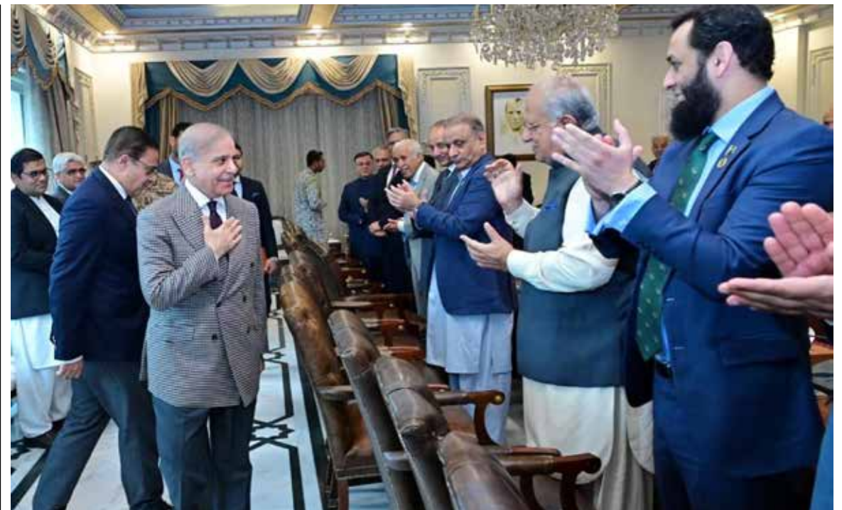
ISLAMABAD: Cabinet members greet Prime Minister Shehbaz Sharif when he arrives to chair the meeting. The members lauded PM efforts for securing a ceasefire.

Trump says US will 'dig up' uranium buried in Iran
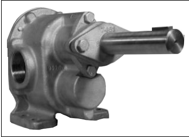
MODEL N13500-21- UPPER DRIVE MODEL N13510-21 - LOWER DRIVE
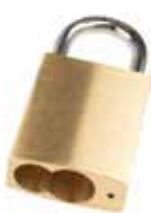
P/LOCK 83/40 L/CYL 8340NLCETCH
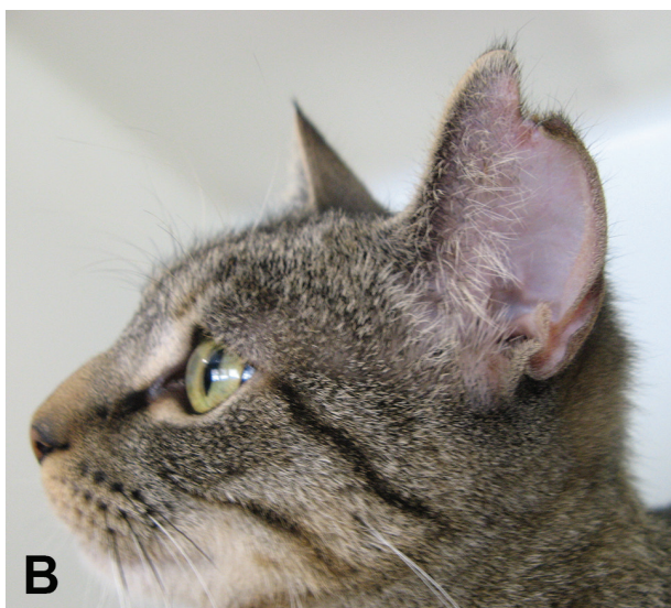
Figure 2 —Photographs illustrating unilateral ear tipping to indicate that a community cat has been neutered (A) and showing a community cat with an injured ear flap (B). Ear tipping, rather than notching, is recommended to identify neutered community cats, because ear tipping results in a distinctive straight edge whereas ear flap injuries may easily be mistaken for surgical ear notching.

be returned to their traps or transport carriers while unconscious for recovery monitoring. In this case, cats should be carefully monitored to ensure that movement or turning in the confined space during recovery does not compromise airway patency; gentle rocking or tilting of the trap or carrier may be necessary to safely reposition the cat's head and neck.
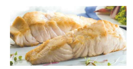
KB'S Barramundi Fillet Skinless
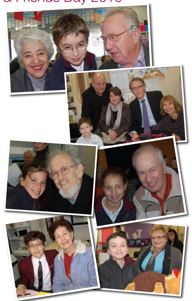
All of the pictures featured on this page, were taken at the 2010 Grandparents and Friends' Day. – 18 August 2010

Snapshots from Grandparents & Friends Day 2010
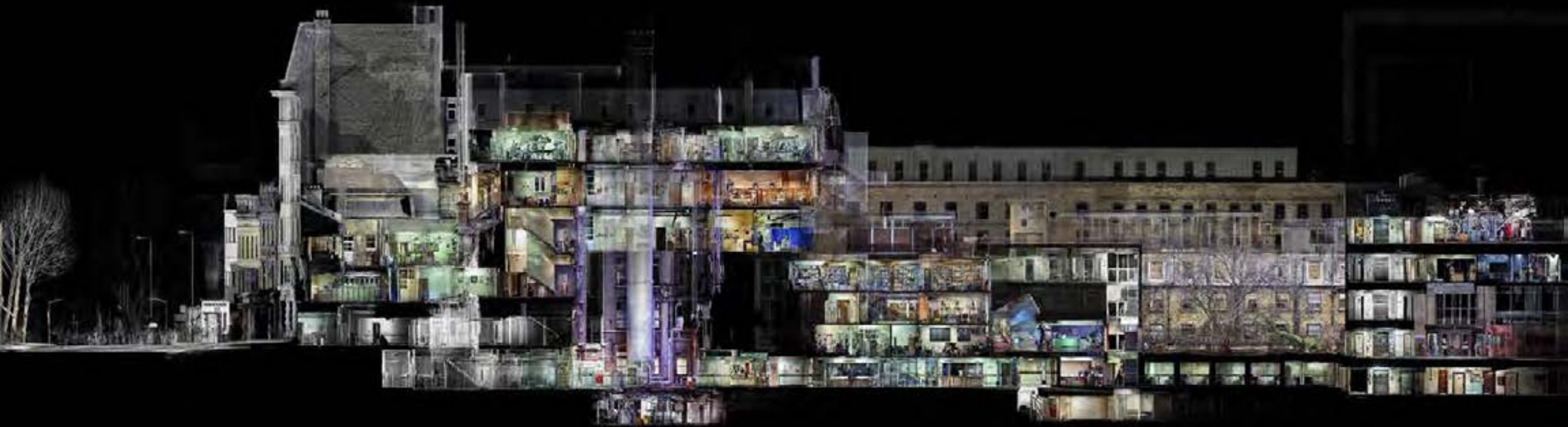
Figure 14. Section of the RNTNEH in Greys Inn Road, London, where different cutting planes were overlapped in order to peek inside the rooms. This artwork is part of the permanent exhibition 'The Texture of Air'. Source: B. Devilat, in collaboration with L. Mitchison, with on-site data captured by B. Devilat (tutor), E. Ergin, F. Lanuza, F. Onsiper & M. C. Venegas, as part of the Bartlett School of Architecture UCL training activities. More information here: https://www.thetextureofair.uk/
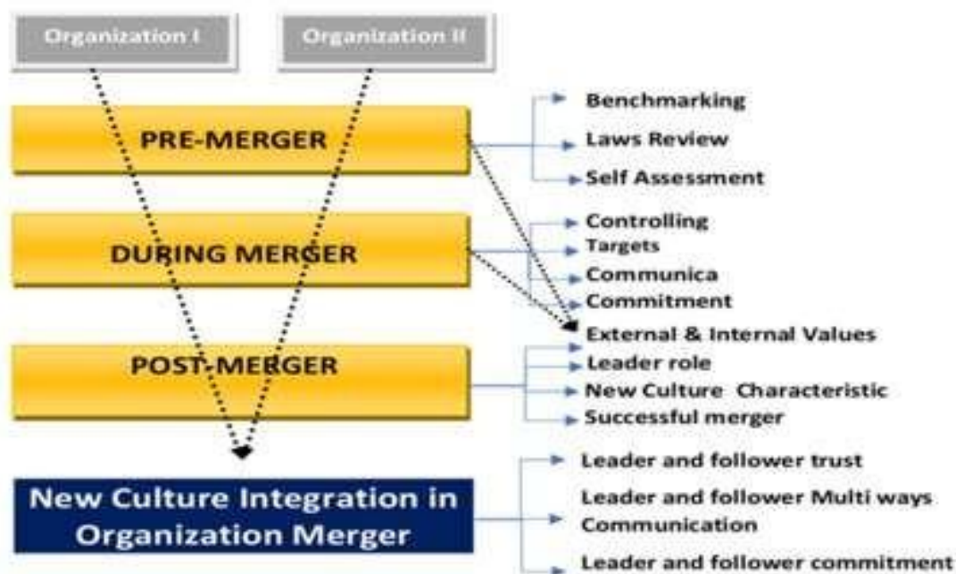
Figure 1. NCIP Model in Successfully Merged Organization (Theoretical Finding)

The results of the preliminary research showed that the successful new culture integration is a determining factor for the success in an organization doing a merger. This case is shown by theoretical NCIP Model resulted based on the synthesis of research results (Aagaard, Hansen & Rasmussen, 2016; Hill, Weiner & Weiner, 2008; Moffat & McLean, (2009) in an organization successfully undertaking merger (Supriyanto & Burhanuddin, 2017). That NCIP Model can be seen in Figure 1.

# Aim of the task
Please output the lines of the records above from the one with "Figure 14. Section" through the last, exactly as they appear and with both ends included; skip any pictures and add nothing.

# Solution to the problem
Figure 14. Section of the RNTNEH in Greys Inn Road, London, where different cutting planes were overlapped in order to peek inside the rooms. This artwork is part of the permanent exhibition 'The Texture of Air'. Source: B. Devilat, in collaboration with L. Mitchison, with on-site data captured by B. Devilat (tutor), E. Ergin, F. Lanuza, F. Onsiper & M. C. Venegas, as part of the Bartlett School of Architecture UCL training activities. More information here: https://www.thetextureofair.uk/
Figure 1. NCIP Model in Successfully Merged Organization (Theoretical Finding)

The results of the preliminary research showed that the successful new culture integration is a determining factor for the success in an organization doing a merger. This case is shown by theoretical NCIP Model resulted based on the synthesis of research results (Aagaard, Hansen & Rasmussen, 2016; Hill, Weiner & Weiner, 2008; Moffat & McLean, (2009) in an organization successfully undertaking merger (Supriyanto & Burhanuddin, 2017). That NCIP Model can be seen in Figure 1.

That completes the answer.